● Aim of the exercise
Starting at the line below holding "Ботіночки утеплені текстилем, на" and stopping at the line holding "Legen Sie die", print every line exactly, both ends included, and leave the rest out.

● The data

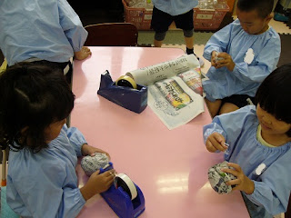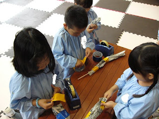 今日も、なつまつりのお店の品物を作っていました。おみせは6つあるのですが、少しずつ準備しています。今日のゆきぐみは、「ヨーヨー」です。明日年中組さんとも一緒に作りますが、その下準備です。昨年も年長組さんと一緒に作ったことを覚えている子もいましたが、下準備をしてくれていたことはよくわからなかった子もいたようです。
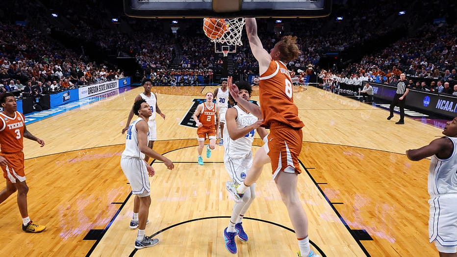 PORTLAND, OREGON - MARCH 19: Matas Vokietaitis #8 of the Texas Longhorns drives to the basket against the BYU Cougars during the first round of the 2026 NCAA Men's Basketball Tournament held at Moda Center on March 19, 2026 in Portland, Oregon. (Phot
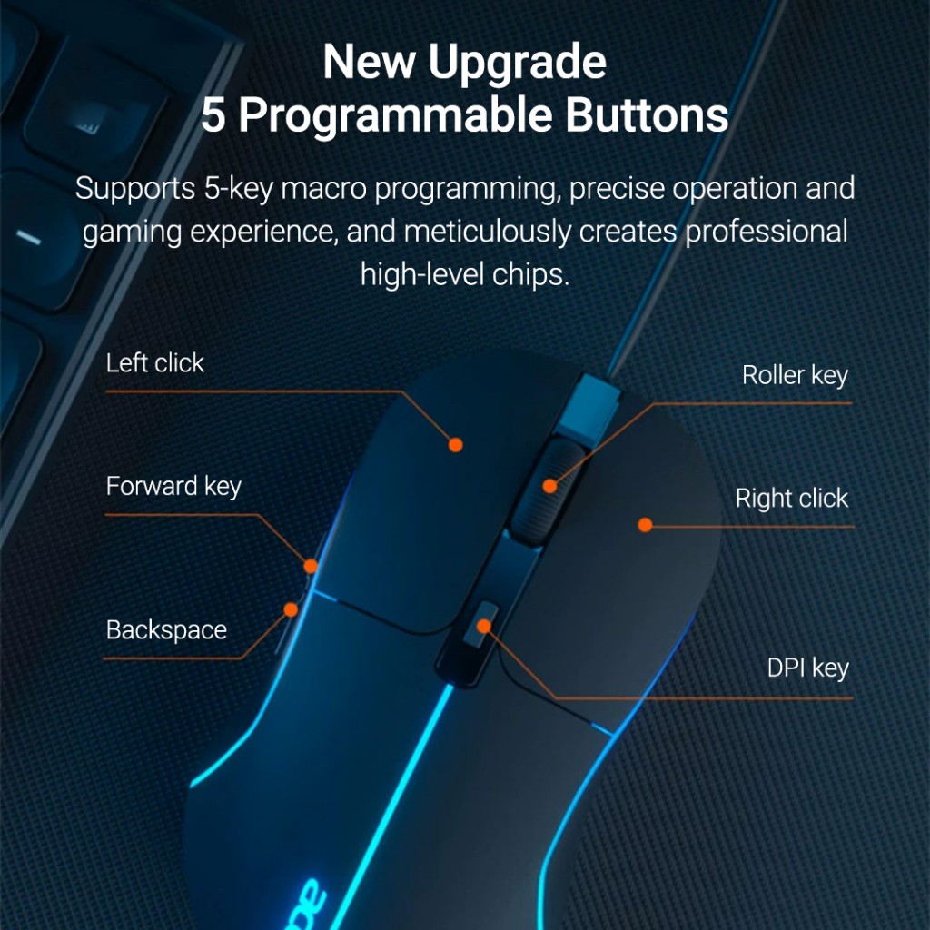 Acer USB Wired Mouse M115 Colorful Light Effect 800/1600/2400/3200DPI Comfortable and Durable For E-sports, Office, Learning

...

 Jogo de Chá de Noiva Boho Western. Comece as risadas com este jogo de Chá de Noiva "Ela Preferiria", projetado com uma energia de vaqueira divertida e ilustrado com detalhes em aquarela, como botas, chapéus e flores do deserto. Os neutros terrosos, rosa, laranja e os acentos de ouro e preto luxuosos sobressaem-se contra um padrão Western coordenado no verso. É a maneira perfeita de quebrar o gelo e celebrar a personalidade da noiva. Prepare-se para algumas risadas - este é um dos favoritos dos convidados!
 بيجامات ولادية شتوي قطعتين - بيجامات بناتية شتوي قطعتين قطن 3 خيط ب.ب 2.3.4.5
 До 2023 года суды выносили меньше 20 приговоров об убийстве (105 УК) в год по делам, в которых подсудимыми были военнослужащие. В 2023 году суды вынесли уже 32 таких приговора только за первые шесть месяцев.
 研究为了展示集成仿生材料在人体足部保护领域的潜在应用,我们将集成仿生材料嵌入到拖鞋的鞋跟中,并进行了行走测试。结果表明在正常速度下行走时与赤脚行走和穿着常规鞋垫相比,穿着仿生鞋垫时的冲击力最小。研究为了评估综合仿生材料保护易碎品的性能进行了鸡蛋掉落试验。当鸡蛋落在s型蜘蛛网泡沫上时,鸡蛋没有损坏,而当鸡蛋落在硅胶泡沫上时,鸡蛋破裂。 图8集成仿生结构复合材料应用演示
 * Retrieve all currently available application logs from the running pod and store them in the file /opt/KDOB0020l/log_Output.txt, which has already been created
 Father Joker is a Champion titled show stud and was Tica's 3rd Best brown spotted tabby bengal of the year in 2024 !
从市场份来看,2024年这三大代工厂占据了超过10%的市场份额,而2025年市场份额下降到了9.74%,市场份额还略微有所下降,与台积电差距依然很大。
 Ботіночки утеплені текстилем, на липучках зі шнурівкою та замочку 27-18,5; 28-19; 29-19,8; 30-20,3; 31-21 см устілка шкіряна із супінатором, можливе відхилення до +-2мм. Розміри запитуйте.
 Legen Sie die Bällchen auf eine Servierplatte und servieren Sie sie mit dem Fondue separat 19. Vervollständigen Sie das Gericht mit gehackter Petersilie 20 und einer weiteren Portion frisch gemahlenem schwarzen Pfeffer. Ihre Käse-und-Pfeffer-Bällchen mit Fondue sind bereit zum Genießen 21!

● Finished exercise
 Ботіночки утеплені текстилем, на липучках зі шнурівкою та замочку 27-18,5; 28-19; 29-19,8; 30-20,3; 31-21 см устілка шкіряна із супінатором, можливе відхилення до +-2мм. Розміри запитуйте.
 Legen Sie die Bällchen auf eine Servierplatte und servieren Sie sie mit dem Fondue separat 19. Vervollständigen Sie das Gericht mit gehackter Petersilie 20 und einer weiteren Portion frisch gemahlenem schwarzen Pfeffer. Ihre Käse-und-Pfeffer-Bällchen mit Fondue sind bereit zum Genießen 21!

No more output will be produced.